Бывает менопауза, а бывает мезантропопауза — благодатный период безнаказанной ненависти к человечеству.
— Великий миф современной цивилизации — Ее Величество Калория! FЖrbannade fitta! Если отменить калории, то мир благополучия рухнет. Ты хоть знаешь, что такое эта твоя «кал-ория»?
— Не злись.
— Это не злость, а бешенство.
— Не бесись.
— Ты не ответила.
— Что?
— О калориях.
— Дались тебе эти калории. Забудь.
— Их придумали немецкие диетологи. В позапрошлом веке.
— Типично немецкая педантичность.
— Каждый из видов продукта сжигался в печи, а чудо-ученые замеряли количество выделившегося тепла.
— Шутишь?
— Нет. Но думаю даже тебе придет в голову тривиальная мысль о том, что человеческий желудок несколько отличается от печи.
— Schei?freundlich!
— Добро пожаловать в мир собачек Павлова — царство условных рефлексов, апофеоз слюнотечения при включенной лампе.
— Не хочу быть собачкой.
— Врешь. Быть собачкой очень приятно. Царство рефлексов дарует полное освобождение от необходимости думать. От необходимости верить в себя. А значит, от необходимости говорить правду.
— У тебя задержка?
— Вот типичная реакция хорошо тренированной собачки. Все движения души есть следствие физиологии. Самое лучшее домашнее животное — сам человек.
— Не люблю, когда у тебя хандра. Да и на роль обличителя общественных пороков ты не годишься.
— Значит так?
— Ага.
— Никто не обличает пороки. Им предаются. Их открывают — наносят на карту хомо инкогнита таинственные острова и континенты страстей и извращений. Скука самоудовлетворения, затхлость обжитых и переполненных городишек гетеросексуальности толкает все новых колумбов на открытие неизведанных земель.

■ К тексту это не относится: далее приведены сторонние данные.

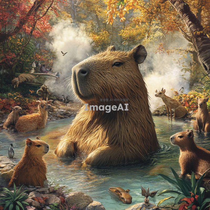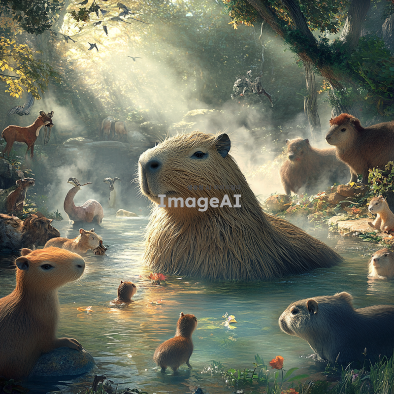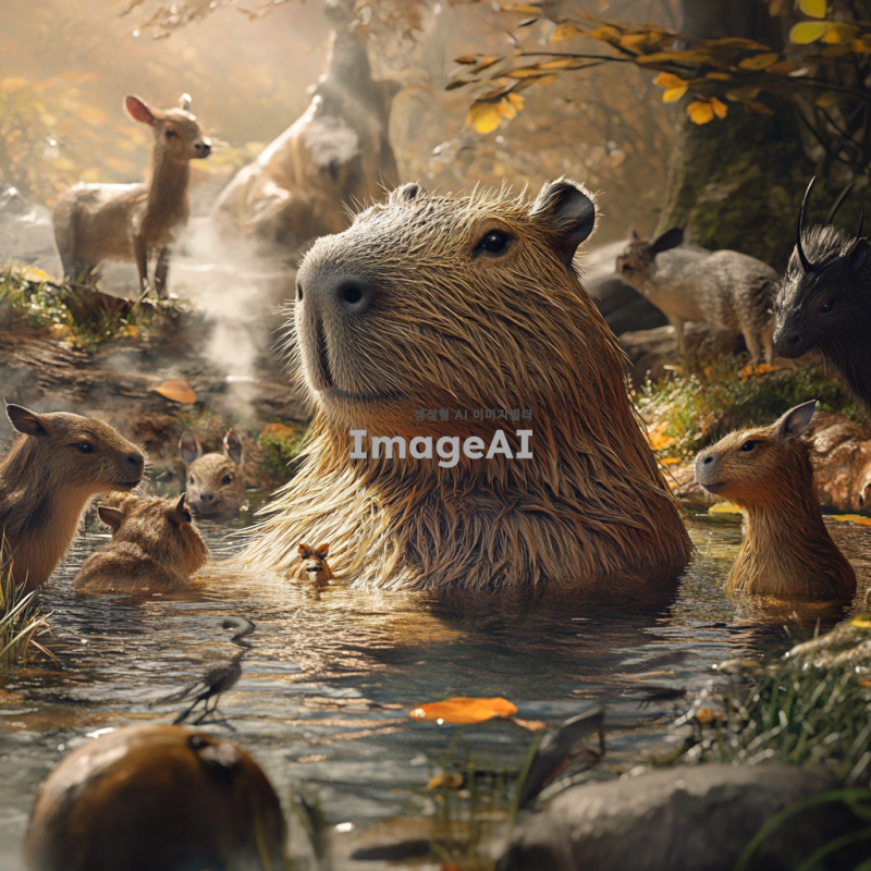 온천에 담가진 암컷 카피바라가 다양한 동물들과 함께 있는 모습, 주변에는 따뜻한 증기가 피어오르고, 카피바라와 동물들이 서로 친근하게 교감하는 장면, 자연의 아름다움이 배경으로 펼쳐진 따뜻하고 아늑한 분위기.
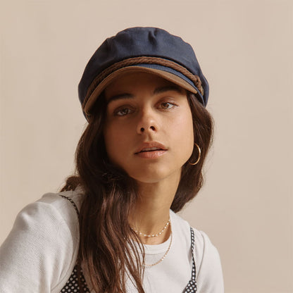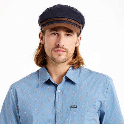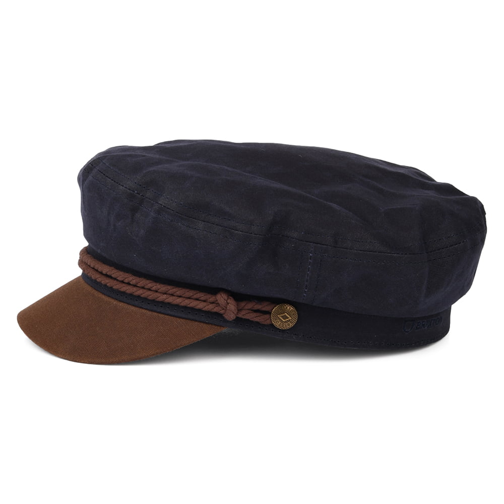 Brixton Hats Waxed Cotton Fiddler Cap - Navy-Brown
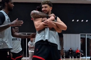 體育資訊10月2日訊 近日在火箭隊內的訓練中申京面對亞當斯的防守貢獻了一記暴扣,之后又在后者面前投進了一個三分,結果慘遭海王“鎖喉”。

— Ну, выбор не велик. Гетеро. Гомо. Би. Зоо.
Чудесный близок миг. Песочная перегородка между датами, секунда глубочайшего падения в бездну ночи, за которой обязательно начинается новое восхождение к свету. Ад понятен и телесен. Он осязаем. Приятность пороков лишь в том, что они не оставляют поводов для сомнения. В них нет теней, недоговоренностей, пугающей необходимости выбирать и размышлять. Они — точное отражение ситуации тяготения двух тел, когда на смену неуверенности, легким касаниям, игривым поцелуям приходит ясность соития, когда шаловливые движения вдруг превращаются в страстную податливость — преддверие неизбежного соединения.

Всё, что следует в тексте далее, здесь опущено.